Архитектура Аудит Военная наука Иностранные языки Медицина Металлургия Метрология
Образование Политология Производство Психология Стандартизация Технологии


Несмертельное оружие Талейрана



Прекрасные манеры, образованность, утонченность, начитанность, умение убеждать и красиво говорить, и в еще большей степени умение слушать, тонкий и необыкновенно проницательный ум создали будущему министру иностранных дел славу одного из самых обаятельных мужчин Парижа. Хотя внешне он выглядел достаточно заурядно: его лицо несло на себе отпечаток несомненного благородства, но было совершенно бесстрастно и невыразительно.

Когда он был еще совсем молод, одна из его опытных любовниц дала ему дельный совет:

- Чтобы добиться успеха, станьте злым на язык. Вас будут бояться и уважать.

Общаясь с блистательными аристократами из лучших домов французской знати, среди которых было немало остроумных людей, Талейран, язвительный от природы, внял полученному совету и неустанно оттачивал свое мастерство.

Со временем его остроумие превратилось в опасное оружие, способное не только обескуражить противника, но и серьезно его ранить. Его хлесткие, а порой и жестокие слова, были как выпады шпаги - стремительны, точны и беспощадны, они больно ранили самолюбие надменных потомков благороднейших семей Франции и долго потом смаковались в салонах высшего света.

В общем и целом, Талейран хорошо относился женщинам, легко находил с ними общий язык и не воспринимал всерьез вздорность их характера или их колкости. Однако иногда доставалось от него и дамам. Известен его ответ одной надменной аристократке, страдавшей сильным косоглазием и весьма неодобрительно отзывавшейся о любовных похождениях молодого аббата. На ее вопрос о его делах, Талейран безжалостно ответил:

- «Как видите, мадам! »

Как-то он послал записку молодой женщине, только что похоронившей мужа: «Увы, мадам! Преданный вам Талейран». Несколько месяцев спустя та вдова вышла замуж, и тогда он написал новую записку, изменив в ней всего одно слово: «Браво, мадам! Преданный вам Талейран».

Мужчинам от него доставалось гораздо больше, чем дамам - особенно в том случае, если они были одного с ним круга.
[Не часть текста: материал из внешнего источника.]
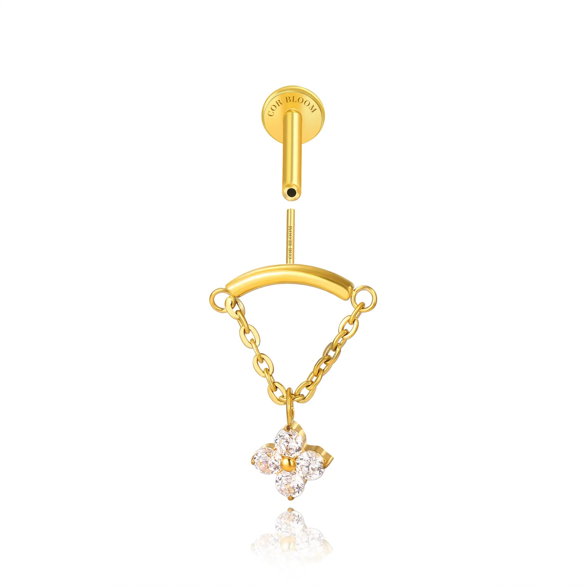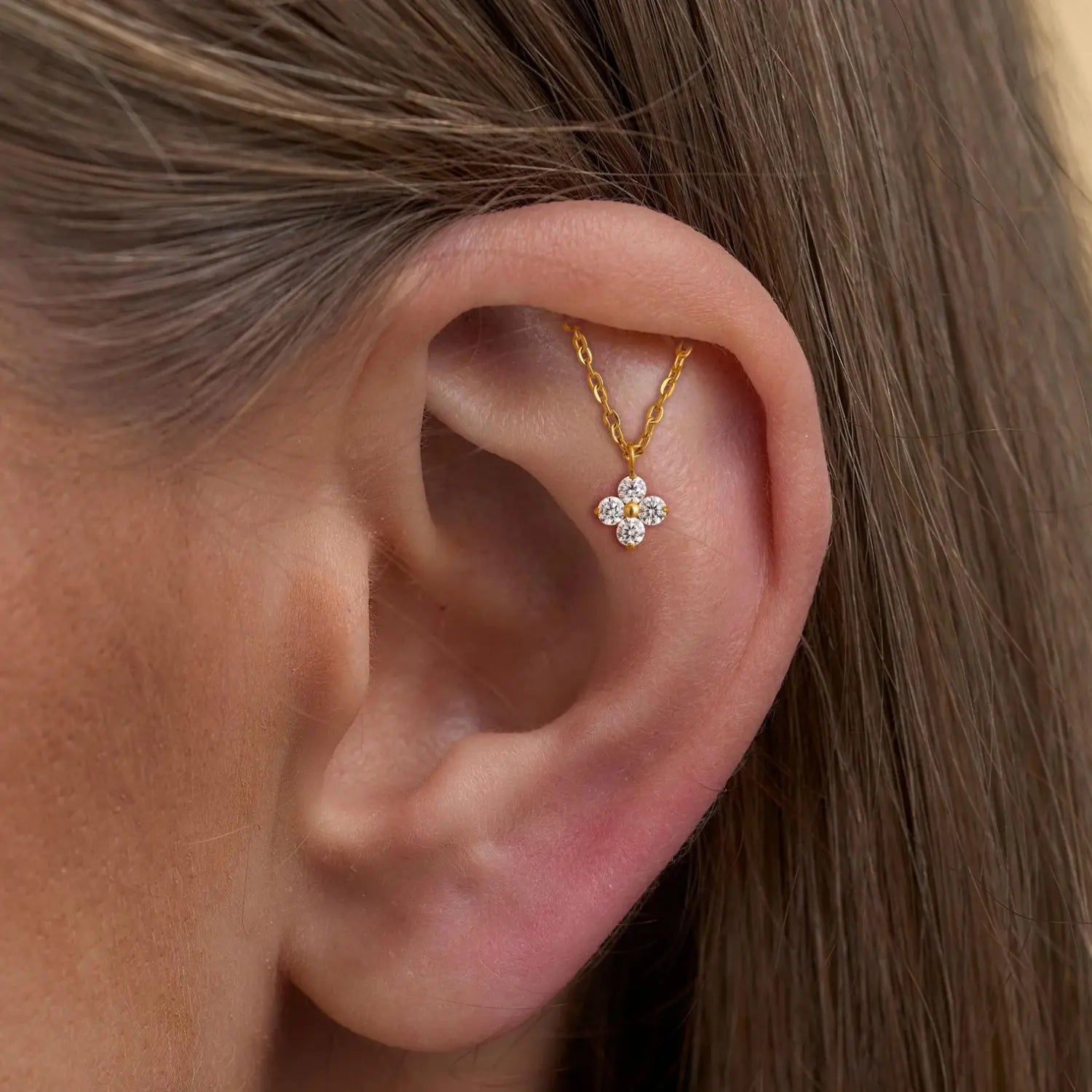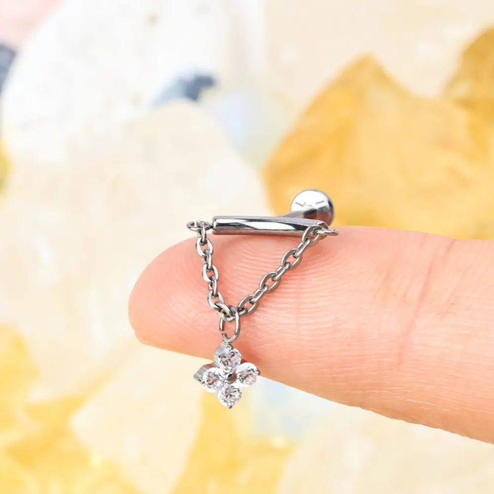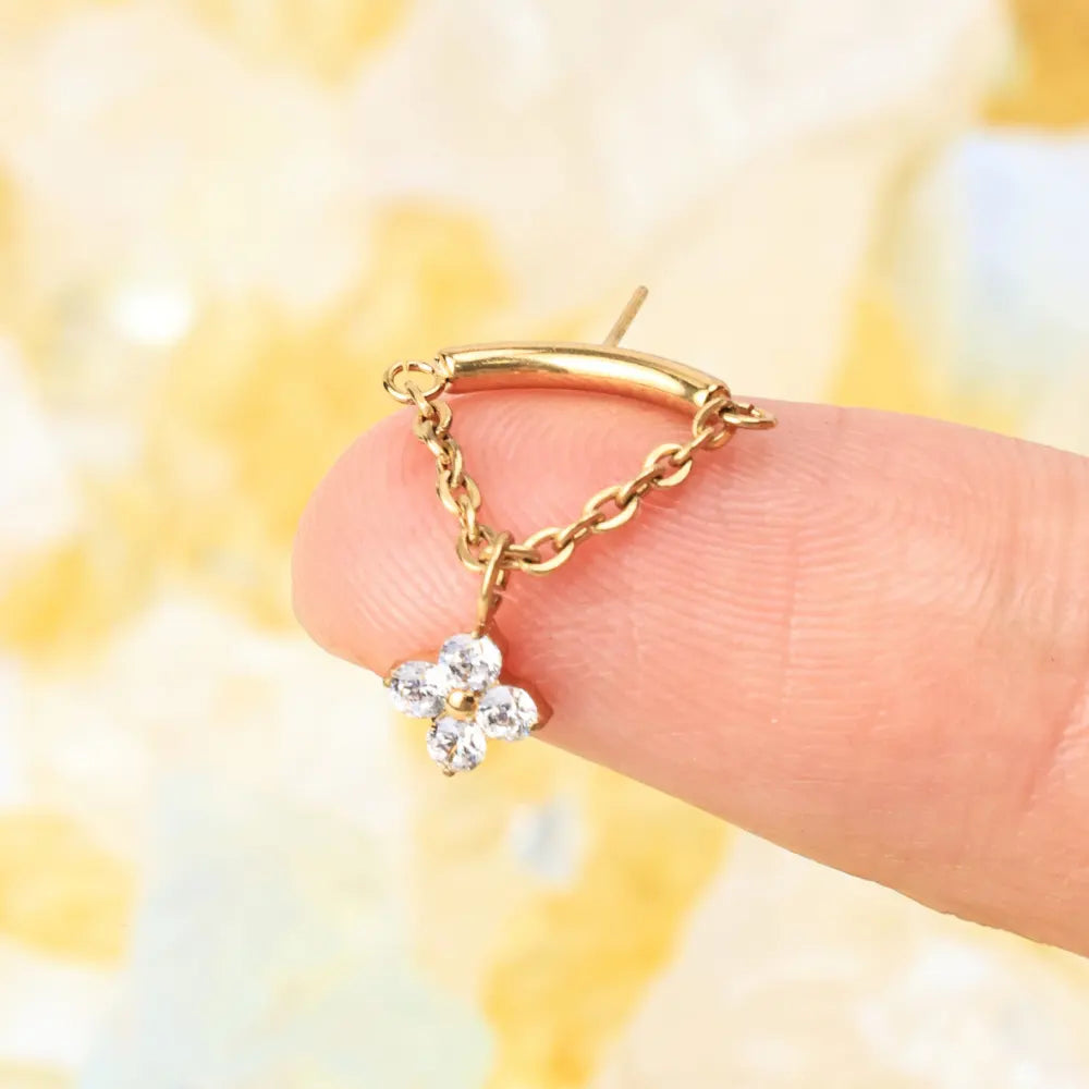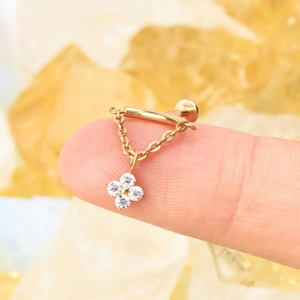 A little luck, a lot of charm — the Amiria Stud features a delicate four-leaf clover charm that gently dangles from a flat back post, bringing movement and meaning to your vertical helix or hidden rook piercing.

Многие надменные аристократы на собственном опыте испытали остроту его беспощадных словесных выпадов. Причем Талейран настолько мастерски владел этим искусством, что мог одной фразой сразить противника наповал.

Например, как-то в начале Великой французской революции, на одном из заседаний Национального собрания, Талейран раскритиковал речь Мирабо, пламенного трибуна той бурной эпохи. (1. Национальное собрание - название Генеральных штатов после 17 июля 1789 г. - Прим. авт. 2. Мирабо, граф Оноре Габриэль Рикети, (1749 - 1791), депутат Национального собрания, конституционный монархист. - Из Википедии.)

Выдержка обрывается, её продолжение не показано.